Interstellar space doesn’t have a great deal of material in it, but there’s enough that it does have a low density of atoms, and a cosmic wind blowing between the stars.

The shape of the boundary between the two has been a matter of some debate. Is it a rounded bubble? A comet-shaped structure, with a tail streaming behind the Solar System as it moves around the Milky Way galaxy? Or something a bit more like a strange croissant?

 

We can’t exactly just nip over and take a survey – Voyagers 1 and 2 were 121 and 119 astronomical units from the Sun respectively when they encountered the heliopause, and had taken decades to get there.

But that doesn’t mean we can’t take a look. Reisenfeld and his team used data from NASA’s Earth-orbiting Interstellar Boundary Explorer (IBEX) satellite, an observatory that measures particles flung from the heliosheath, the very outer region of the heliosphere.

Some of those particles are what scientists call energetic neutral atoms, or ENAs. These are generated by collisions between particles from the solar wind and particles from the interstellar wind, and the strength of their signal depends on the strength of the solar wind at the time of the collision – just like the wind on Earth, the solar wind doesn’t always blow at the same intensity.

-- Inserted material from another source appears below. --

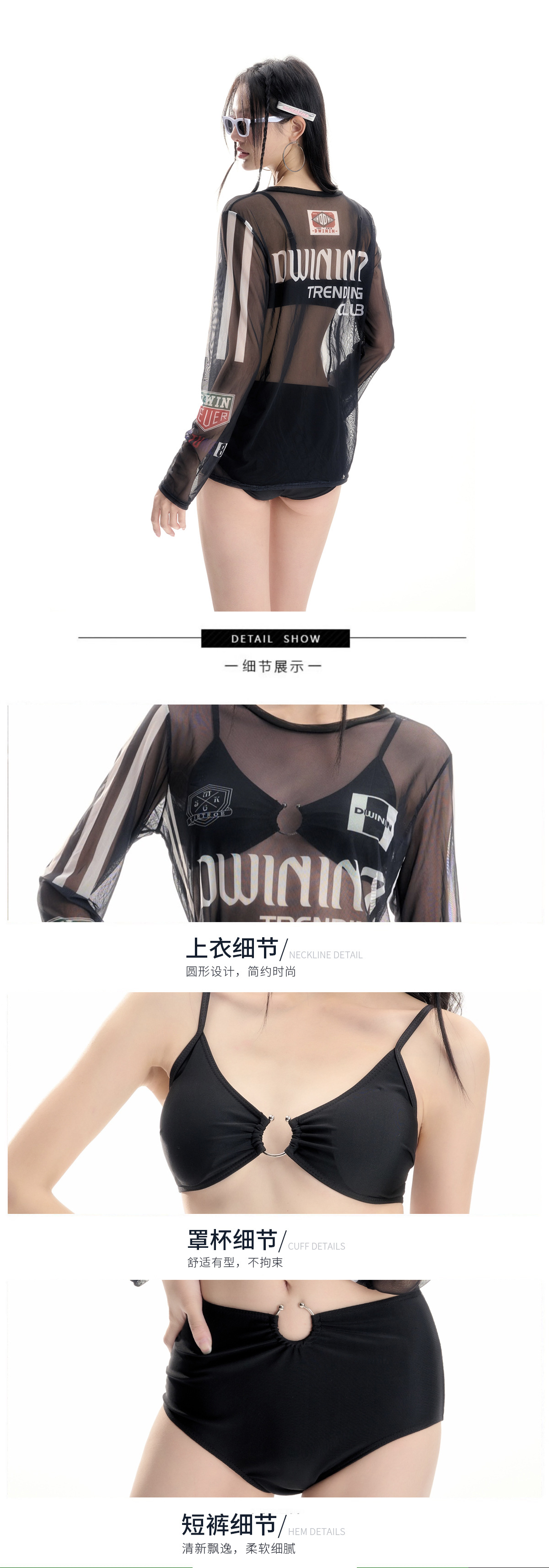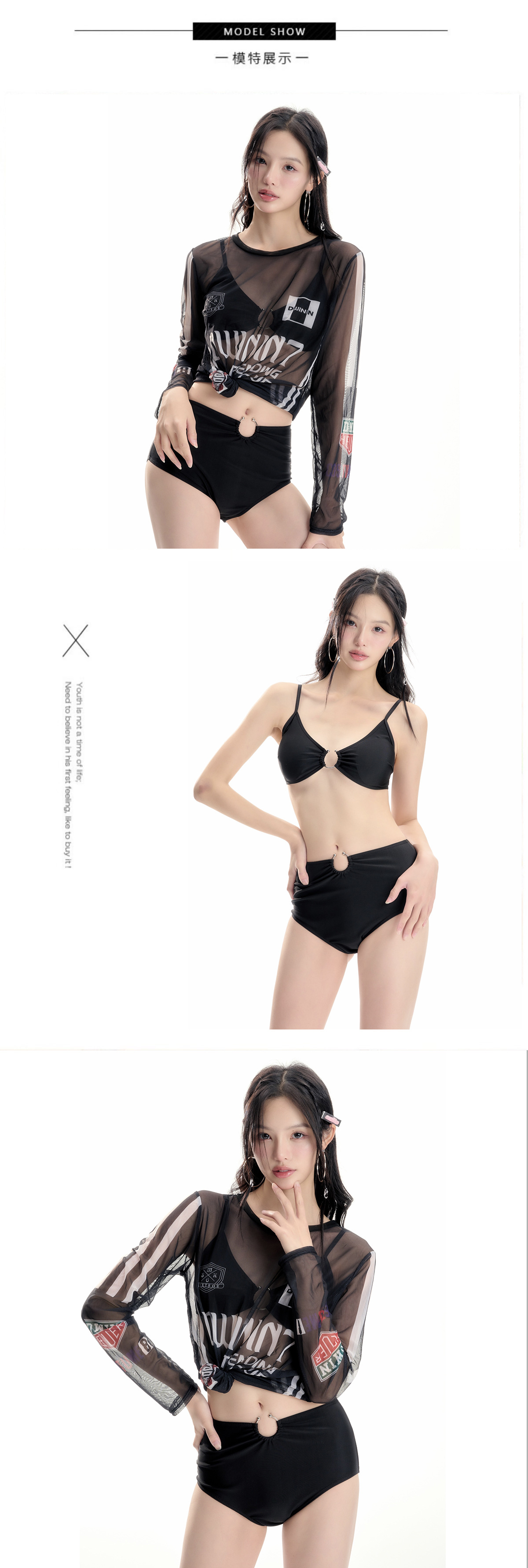 2024 새로운 폴리 에스테르 아시아 한국어 버전 분할 비키니 3 피스 섹시한 긴 소매 슬리밍 온천 수영복 여성 도매

Decoding this signal to map the heliopause is a bit like the way a bat uses sonar to map its physical surroundings. The strength of the signal and the time lag between sending and receiving can reveal the shape and distance of obstacles.

 

“The solar wind ‘signal’ sent out by the Sun varies in strength, forming a unique pattern,” explained Reisenfeld.

“IBEX will see that same pattern in the returning ENA signal, two to six years later, depending on ENA energy and the direction IBEX is looking through the heliosphere. This time difference is how we found the distance to the ENA-source region in a particular direction.”

The team used data from a full solar cycle, from 2009 to 2019. The map thus generated is still a little approximate, but it’s already revealing interesting things about the heliopause.

(Los Alamos National Laboratory)

We now know, for example, that the shape of it (animated above) appears to be a bit comet-like after all, with a tail that’s at least 350 astronomical units long (that’s the current limit of IBEX’s reach), although the length of the tail is impossible to gauge. It could be short and stumpy. On the other hand, the minimum radial distance to the ‘nose’ of the heliopause seems to be around 110 to 120 astronomical units, consistent with the Voyager crossings.

At high latitudes, the heliopause extends to 150 to 175 astronomical units. This shows that the shape is more bullet-like, not at all consistent with the weird croissant model.

The IBEX mission is still going, and will continue until at least 2025. The Interstellar Mapping and Acceleration Probe is due to commence in 2025, picking up where IBEX leaves off.

The team hopes that both these missions will provide more data to help refine the heliopause’s shape.

The research has been published in The Astrophysical Journal Supplement Series.